Ford said he viewed the department's request as bureaucratic "overreach." The information, he said, has long been made public by scientists working in and outside the U.S. nuclear program.

Citing its policy not to reveal which nuclear information is considered classified, a spokesperson for the Department of Energy declined to comment on the book's content and referred questions on possible legal action to the Department of Justice.

A spokesperson there also declined comment.

Ford maintains his story is just one of a young scientist working among the world's top physicists.

He said that most of what he remembers from his two years of weapons work is personal, not technical, and that his explanations for theories were drawn mostly from declassified documents and scientific papers.

The book "would no longer be of any interest to anybody if I took out what they wanted me to," Ford said. "We were miles and miles apart."

This is not the first time the government has publicly lost a battle to keep perceived nuclear secrets hidden.
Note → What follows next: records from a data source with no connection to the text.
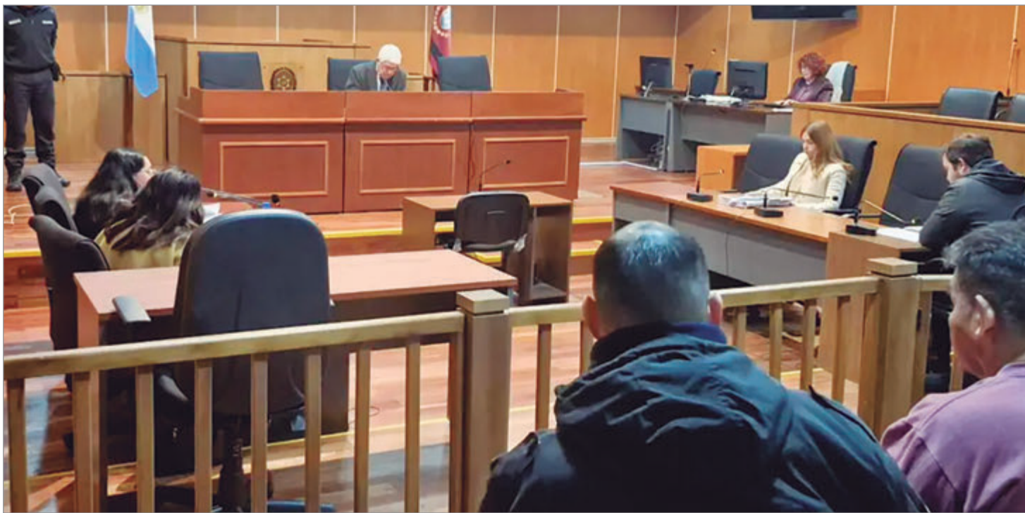
Se condenó al acusado a 15 años

En la lectura de alegatos, la funcionaria judicial remarcó que el adulto aprovechaba las ocasiones en las que la madre se iba de la vivienda a trabajar, al tiempo que le suministraba bebidas a la menor con tal de que se duerma y cometer los abusos.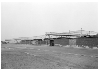
Vue de la partie sud de l'usine, occupée par les stocks.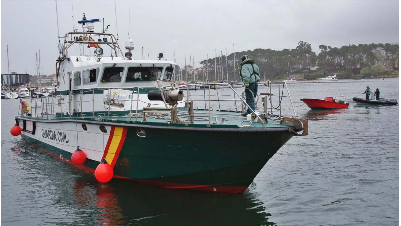
Figura 8. E/P ROSA durante su remolque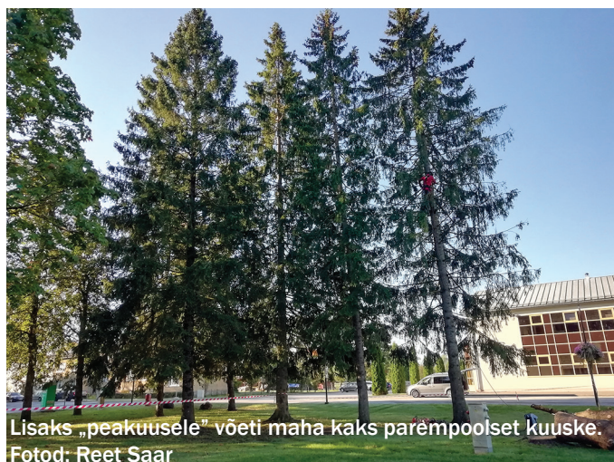
Lisaks „peakuusele“ võeti maha kaks parempoolset kuuske.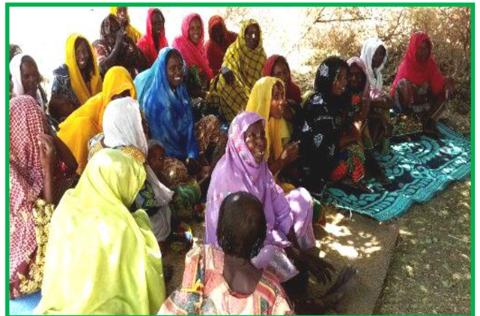
The women participated in the awareness meeting.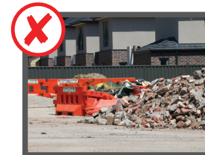
سامان ساختمانی و تعمیری (خشت، سمنت یا آزیستو)

In 1979, the Energy Department won a temporary injunction against a Wisconsin magazine that planned to release information about the bomb's design. The government dropped the case when the same information was released elsewhere.

While Ford's former clearance could make him a target for criminal charges, litigation is unlikely because of the public relations battle that would come with it, said Alex Wellerstein, professor at the New Jersey-based Stevens Institute of Technology and a blogger who specializes in nuclear security.

And getting more details about their concerns is unlikely. For the most part, Wellerstein said, the government has maintained a no-comment policy about its reviews of such published information in order to prevent hinting at what it considers secret.

Neither Ford, who had written nine other books on physics and science, nor his Singapore-based publisher said they had been contacted by the government since the book's release.

The publisher, World Scientific, could not provide details on how many copies have been sold online or in print. But sales reached No. 1 on Amazon's Kindle list of bestsellers in the nuclear physics category. And his U.S. editor said that an additional printing has been ordered.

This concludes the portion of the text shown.